Data supplied: Begin

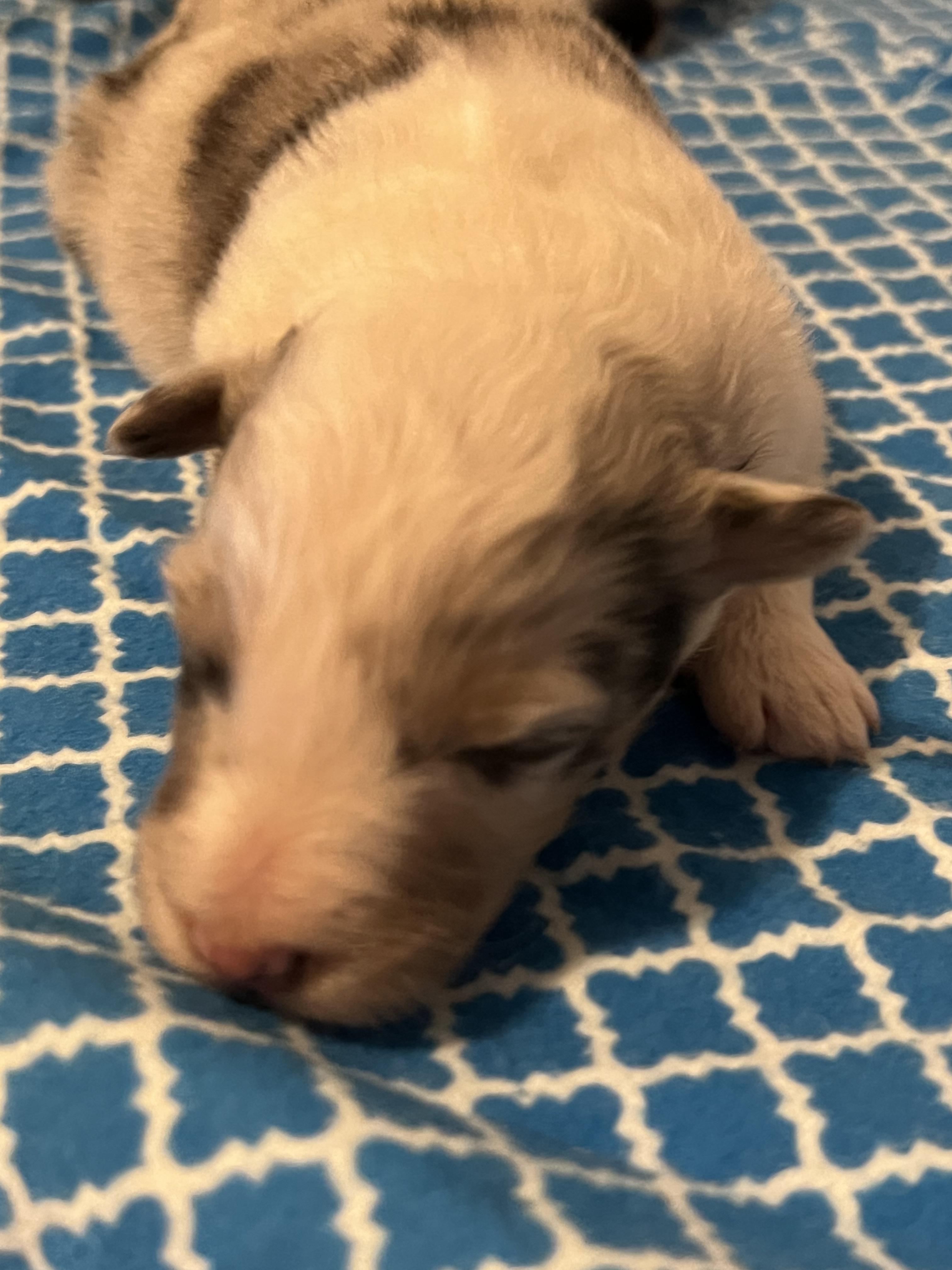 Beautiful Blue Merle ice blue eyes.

Data supplied: End
Data supplied: Begin

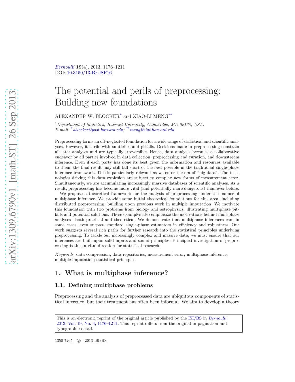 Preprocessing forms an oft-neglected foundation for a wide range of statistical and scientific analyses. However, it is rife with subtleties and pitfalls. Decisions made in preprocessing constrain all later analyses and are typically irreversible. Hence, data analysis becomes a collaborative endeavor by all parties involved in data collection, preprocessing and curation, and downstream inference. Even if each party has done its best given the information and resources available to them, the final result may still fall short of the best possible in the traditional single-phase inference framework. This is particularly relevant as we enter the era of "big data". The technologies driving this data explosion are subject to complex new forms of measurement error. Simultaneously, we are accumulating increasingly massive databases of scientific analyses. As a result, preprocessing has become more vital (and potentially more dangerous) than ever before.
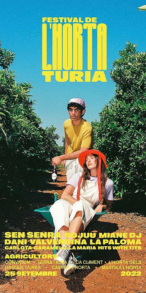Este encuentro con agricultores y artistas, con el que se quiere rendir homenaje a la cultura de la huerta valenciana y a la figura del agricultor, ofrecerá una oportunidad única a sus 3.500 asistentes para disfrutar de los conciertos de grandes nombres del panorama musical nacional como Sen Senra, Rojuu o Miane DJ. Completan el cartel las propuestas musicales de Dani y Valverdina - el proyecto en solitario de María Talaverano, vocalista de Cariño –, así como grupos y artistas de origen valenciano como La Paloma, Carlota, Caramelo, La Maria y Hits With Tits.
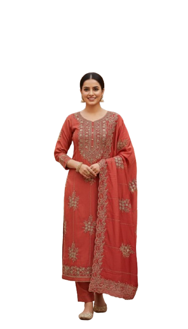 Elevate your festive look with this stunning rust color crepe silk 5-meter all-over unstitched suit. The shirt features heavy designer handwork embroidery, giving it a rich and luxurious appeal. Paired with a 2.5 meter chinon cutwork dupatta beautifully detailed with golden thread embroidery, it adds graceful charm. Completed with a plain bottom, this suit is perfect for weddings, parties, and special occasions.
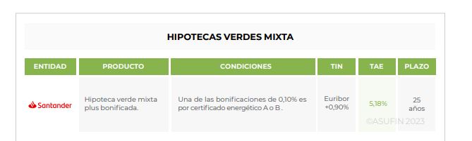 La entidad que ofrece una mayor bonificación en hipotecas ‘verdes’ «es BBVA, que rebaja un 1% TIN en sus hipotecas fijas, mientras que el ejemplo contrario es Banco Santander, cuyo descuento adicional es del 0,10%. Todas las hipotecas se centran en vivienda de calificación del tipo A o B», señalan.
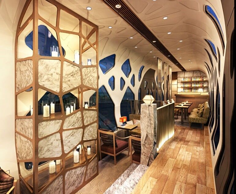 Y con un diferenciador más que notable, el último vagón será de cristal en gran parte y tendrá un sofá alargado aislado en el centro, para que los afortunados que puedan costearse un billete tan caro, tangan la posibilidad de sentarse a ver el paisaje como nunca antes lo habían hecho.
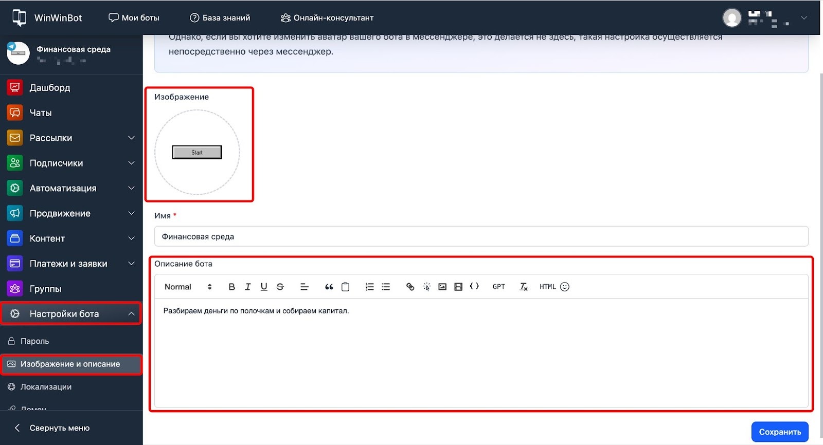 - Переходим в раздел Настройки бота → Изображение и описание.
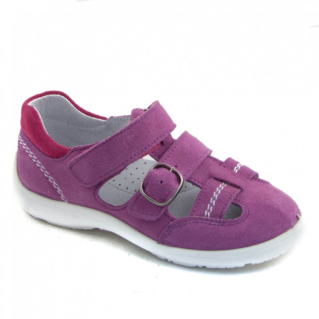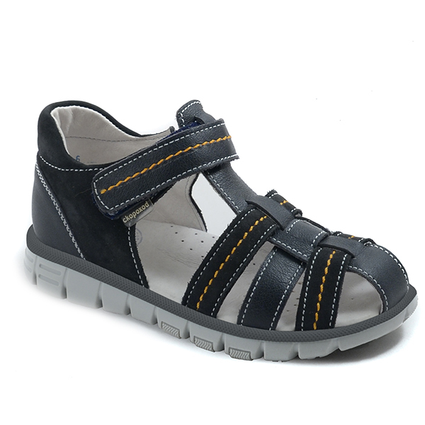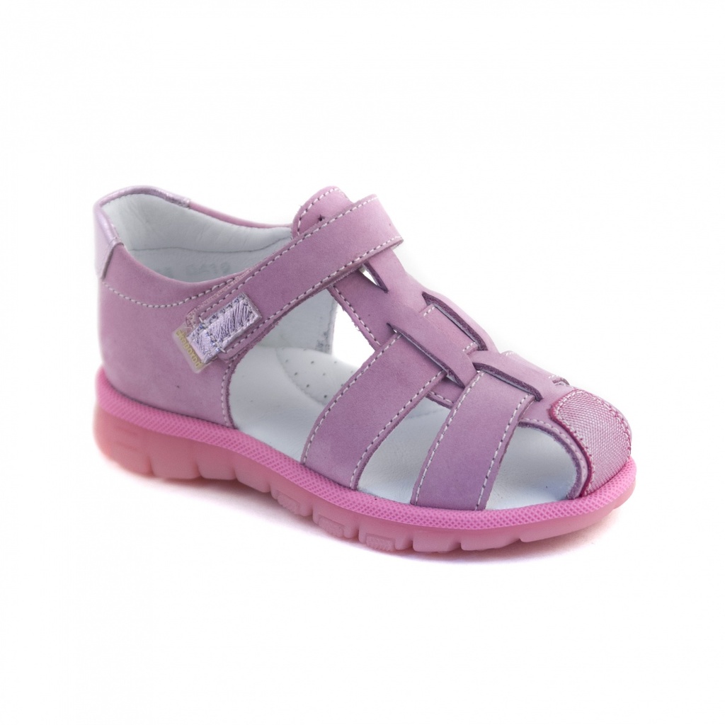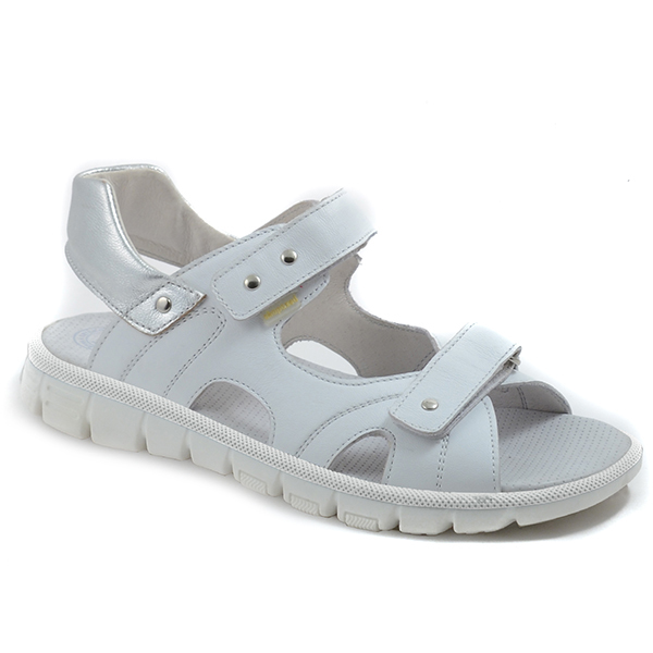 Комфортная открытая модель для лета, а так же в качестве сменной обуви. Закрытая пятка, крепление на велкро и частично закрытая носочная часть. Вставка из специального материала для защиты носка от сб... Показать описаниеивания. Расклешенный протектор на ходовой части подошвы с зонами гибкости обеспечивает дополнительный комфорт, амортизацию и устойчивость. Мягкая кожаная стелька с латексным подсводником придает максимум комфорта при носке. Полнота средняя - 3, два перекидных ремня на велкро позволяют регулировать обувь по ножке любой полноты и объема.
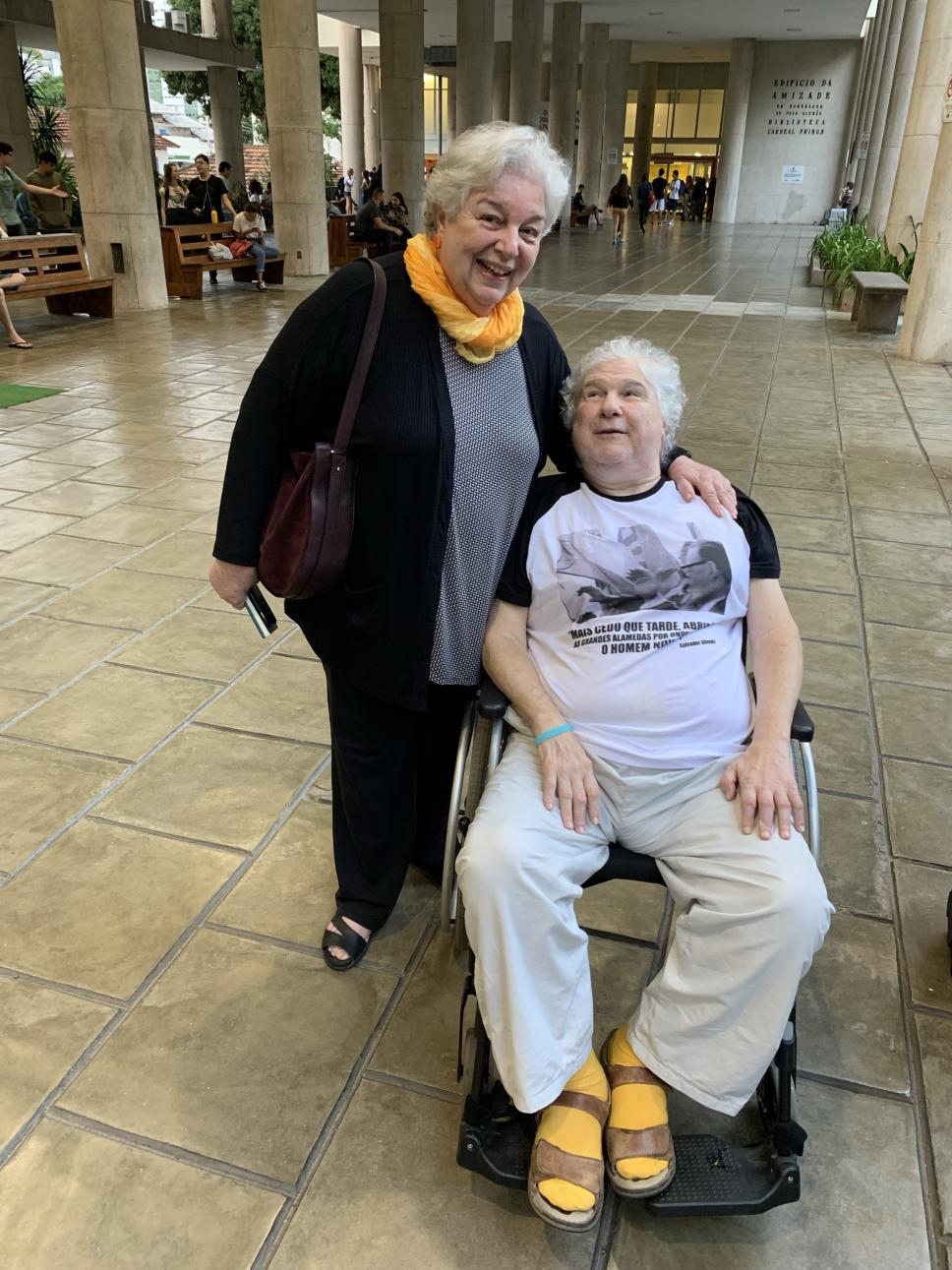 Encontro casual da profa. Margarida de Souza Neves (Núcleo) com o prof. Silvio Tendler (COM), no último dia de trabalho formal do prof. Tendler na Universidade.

Data supplied: End
Data supplied: Begin

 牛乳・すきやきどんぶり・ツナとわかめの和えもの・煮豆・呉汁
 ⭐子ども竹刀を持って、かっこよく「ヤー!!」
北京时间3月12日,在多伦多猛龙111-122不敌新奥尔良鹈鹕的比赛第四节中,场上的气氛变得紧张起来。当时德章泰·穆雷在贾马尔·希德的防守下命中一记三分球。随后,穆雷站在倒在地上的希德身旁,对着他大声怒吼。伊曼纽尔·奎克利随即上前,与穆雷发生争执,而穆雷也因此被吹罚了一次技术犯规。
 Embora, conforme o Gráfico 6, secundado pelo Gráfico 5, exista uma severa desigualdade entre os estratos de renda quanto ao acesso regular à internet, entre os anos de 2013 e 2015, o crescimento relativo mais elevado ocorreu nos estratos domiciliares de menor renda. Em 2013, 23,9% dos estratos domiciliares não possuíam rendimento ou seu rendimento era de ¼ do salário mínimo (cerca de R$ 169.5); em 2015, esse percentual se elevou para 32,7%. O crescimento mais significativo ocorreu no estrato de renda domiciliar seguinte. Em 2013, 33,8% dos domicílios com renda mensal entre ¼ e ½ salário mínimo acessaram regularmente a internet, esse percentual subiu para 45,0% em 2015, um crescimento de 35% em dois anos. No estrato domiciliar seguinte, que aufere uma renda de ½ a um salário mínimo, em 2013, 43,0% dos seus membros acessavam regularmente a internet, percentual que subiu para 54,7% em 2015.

Data supplied: End

**Task statement**
Every line above in the stretch from the one with "Este encuentro con" through the one with "- Переходим в" is to be transcribed exactly, ends included. No picture is copied.

**Response to the exercise**
Este encuentro con agricultores y artistas, con el que se quiere rendir homenaje a la cultura de la huerta valenciana y a la figura del agricultor, ofrecerá una oportunidad única a sus 3.500 asistentes para disfrutar de los conciertos de grandes nombres del panorama musical nacional como Sen Senra, Rojuu o Miane DJ. Completan el cartel las propuestas musicales de Dani y Valverdina - el proyecto en solitario de María Talaverano, vocalista de Cariño –, así como grupos y artistas de origen valenciano como La Paloma, Carlota, Caramelo, La Maria y Hits With Tits.
 Elevate your festive look with this stunning rust color crepe silk 5-meter all-over unstitched suit. The shirt features heavy designer handwork embroidery, giving it a rich and luxurious appeal. Paired with a 2.5 meter chinon cutwork dupatta beautifully detailed with golden thread embroidery, it adds graceful charm. Completed with a plain bottom, this suit is perfect for weddings, parties, and special occasions.
 La entidad que ofrece una mayor bonificación en hipotecas ‘verdes’ «es BBVA, que rebaja un 1% TIN en sus hipotecas fijas, mientras que el ejemplo contrario es Banco Santander, cuyo descuento adicional es del 0,10%. Todas las hipotecas se centran en vivienda de calificación del tipo A o B», señalan.
 Y con un diferenciador más que notable, el último vagón será de cristal en gran parte y tendrá un sofá alargado aislado en el centro, para que los afortunados que puedan costearse un billete tan caro, tangan la posibilidad de sentarse a ver el paisaje como nunca antes lo habían hecho.
 - Переходим в раздел Настройки бота → Изображение и описание.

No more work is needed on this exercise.